American radio personality

Ted Malone (May 18, 1908 - October 20, 1989) (born Frank Alden Russell, the son of a grocer), was an American radio broadcaster.

==Childhood==
Malone was born in Colorado Springs, Colorado, the son of Frank Arthur Russell and Grace Aurora Gunter Russell. His father was a minister. He became interested in oral performance when he attended high school in Missouri. He was also a debater in college, and graduated from William Jewell College in 1928.

==Career==
Malone had a career in radio as a storyteller and reader of poetry. Malone's broadcasting style was that of a friendly neighbor dropping by to chat.

He was one of the few broadcast interpretationists recorded in the history of radio. Malone had a career in radio for more than forty years.

Malone began work as an announcer & ukulele soloist at KMBC, Kansas City, Missouri, in 1929. He acquired his pseudonym, Ted Malone, when asked to fill in for a program by reading poetry. Malone was asked to fill time by reading poetry when scheduled performers did not show up on time. Too embarrassed to use his own name, another announcer introduced him as Ted Malone. The positive audience response to his reading led to his radio program "Between the Bookends". Because he felt that "poetry was sissy stuff," he agreed to do the poetry program only under a pseudonym. Malone once said of his approach to Between the Bookends: "I never prepare a program. I just get before a microphone and talk and talk and talk. What about? Oh, just small talk on anything that occurs to me."

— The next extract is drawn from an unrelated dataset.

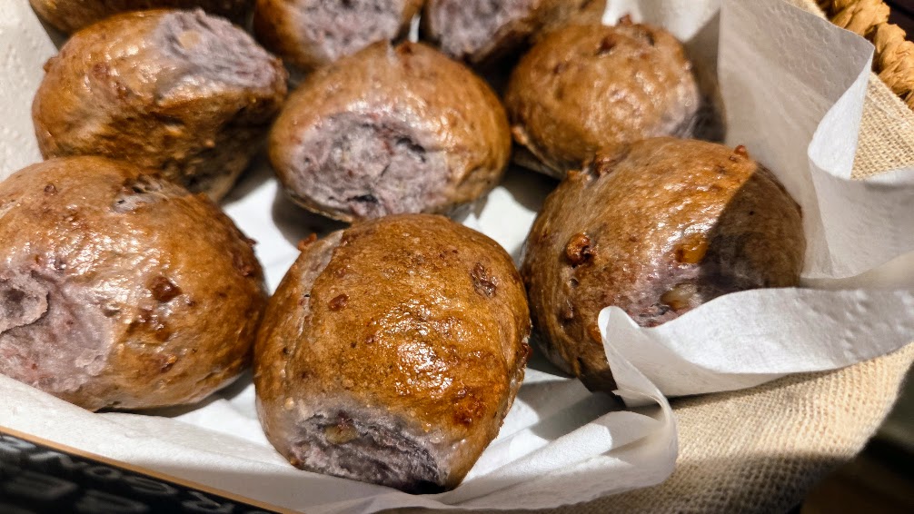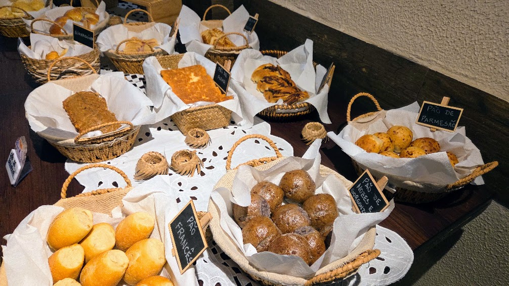 No café da manhã, uma seleção de pães de fermentação natural que transforma qualquer xícara em ritual. Os pãezinhos de queijo são queridinhos do público. E o redondinho de batata com queijo coalho é puro conforto: macio, quentinho, com recheio que puxa e conquista.

Malone's Between the Bookends program was broadcast on the CBS radio network beginning in 1935 and was presented two to five times a week for thirty years. During its first year of broadcast, Newsweek reported that the program had received more fan mail than any other network sustaining program. Malone actively sought poetry contributions from his listeners. He published the works in a regular anthology, Ted Malone's Scrapbook. Malone also published a regular "Between the Bookends" column in Radio Mirror, where readers were invited to submit their own poetry for cash prizes and had a similar arrangement with Good Housekeeping, where he was the poetry editor between 1940 and 1944. Malone was popular enough to be called "The Voice of Poetry" by the Library of Congress; when the "Between the Bookends" radio show was in danger of cancellation, the fans of the program were able to convince the network to keep the show on the air.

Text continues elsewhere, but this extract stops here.